Spend any time around small tech companies trying to crack into the defense sector and you’ve heard of SBIR—the Small Business Innovation Research (SBIR) program. It’s one of the most commonly-reference tools to help tech companies crack into the defense sector.
Unfortunately, it's wildly misunderstood what SBIR is—and what it isn’t.
What is SBIR
Branded as “America’s Seed Fund,” the SBIR program solicits industry three times a year for their innovative ideas and, if selected, helps mature them.
The program is funded through a Congressionally-mandated 3.2% set aside from federal R&D accounts.
For the DoD, that works out to be ~$1.8B a year specifically reserved for this small business program.
SBIR consists of 3 phases:
- Phase I: ‘research the research’ to determine feasibility and viability; $275K max
- Phase II: further develop Phase I proposal based on the scientific and technical merit; $1.8m max
- Phase III: a squishy non-SBIR funded phase to pursue commercialization of Phase II research
The first two phases offer SBIR funding but take no intellectual property (sort of) and no stake in a company. In fancy speak, it’s called “non-dilutive capital.”
Back it Up
With SBIR-101 out of the way, it's time for SBIR-201: the history lesson.
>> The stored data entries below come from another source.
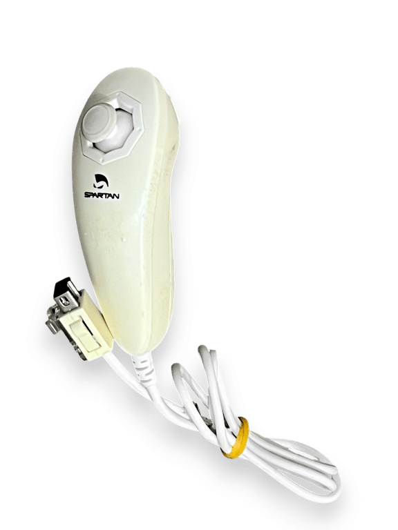GENUINE SPARTAN Wii Nunchuk / Wii Nunchuck for use with Nintendo Wii. Preowned nunchuck in perfect working order, with some yellowing of the show is a purely cosmetic imperfection.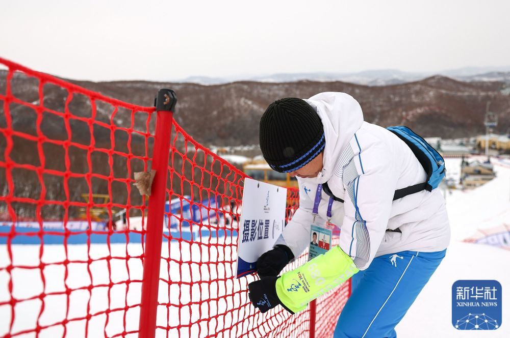 ↑2月18日,在扎兰屯赛区,志愿者在自由式滑雪雪上技巧比赛场地固定摄影位置标牌。新华社记者 王楷焱 摄
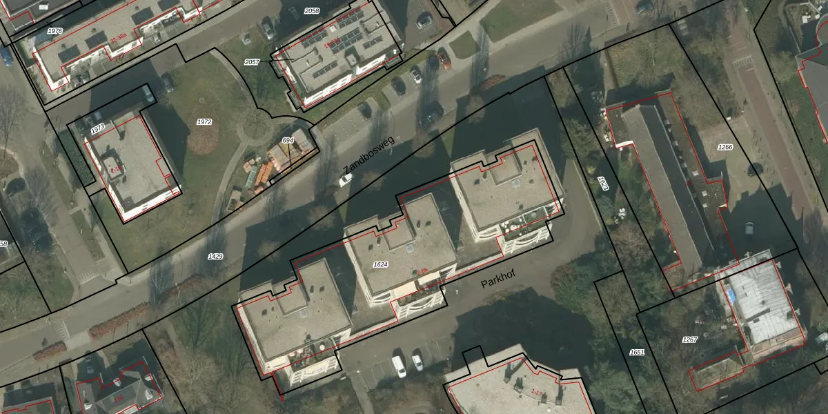 Het perceel waarop Parkhof 26 staat heeft een oppervlakte van 1980 m². Dit is een zeer groot perceel. De perceeloppervlakte wordt geregistreerd door het Kadaster. Gedetailleerde informatie over de maten van dit perceel kunt u vinden in het rapport Kadastrale kaart met maatvoering van Parkhof 26.

The program was created back in 1982, the same year E.T. phoned home and Phoebe Cates dropped her top during that scene from Fast Times at Ridgemont High.
But there were two other things going on back then:
1. Cold War defense spending was about to peak.
2. The first wave of defense industry consolidation had already begun.
So What
With that context in mind, which do you think is the purpose of the SBIR program:
- Door #1: “identifying small businesses that could provide a solution to the warfighter in a faster, more efficient manner.”
- Door #2: “support scientific excellence and technological innovation through the investment of federal research funds in critical American priorities to build a strong national economy.”
Yep, it’s Door #2 (btw, Door #1 is the Air Force’s interpretation).
Why This Matters
A fundamental part of innovation is implementation, and that’s where all the issues with the SBIR program start to manifest.
When you think about it though, the name of the program says it all.
The SBIR program is not innovation—it's innovation research—and it’s called SBIR, not SBIR&D (read this if you don’t know the difference between R and R&D).
What Now
This matters for a ton of reasons, but we’re just getting started.
We’ll continue to poke and prod SBIR over the coming months to shine some much-needed light on the program's shortfalls and how to fix it, and there’s a very good reason we’re doing it:
SBIR is a program codified in law, but Congress must periodically reauthorize the program (it was last reauthorized in the 2017 NDAA).
Guess what: the current statute authorizing the SBIR program expires September 30, 2022, meaning Congress must write language in the FY23 NDAA to reauthorize the program.
Sounds like a mighty convenient time to inject some much-needed SBIR program reform.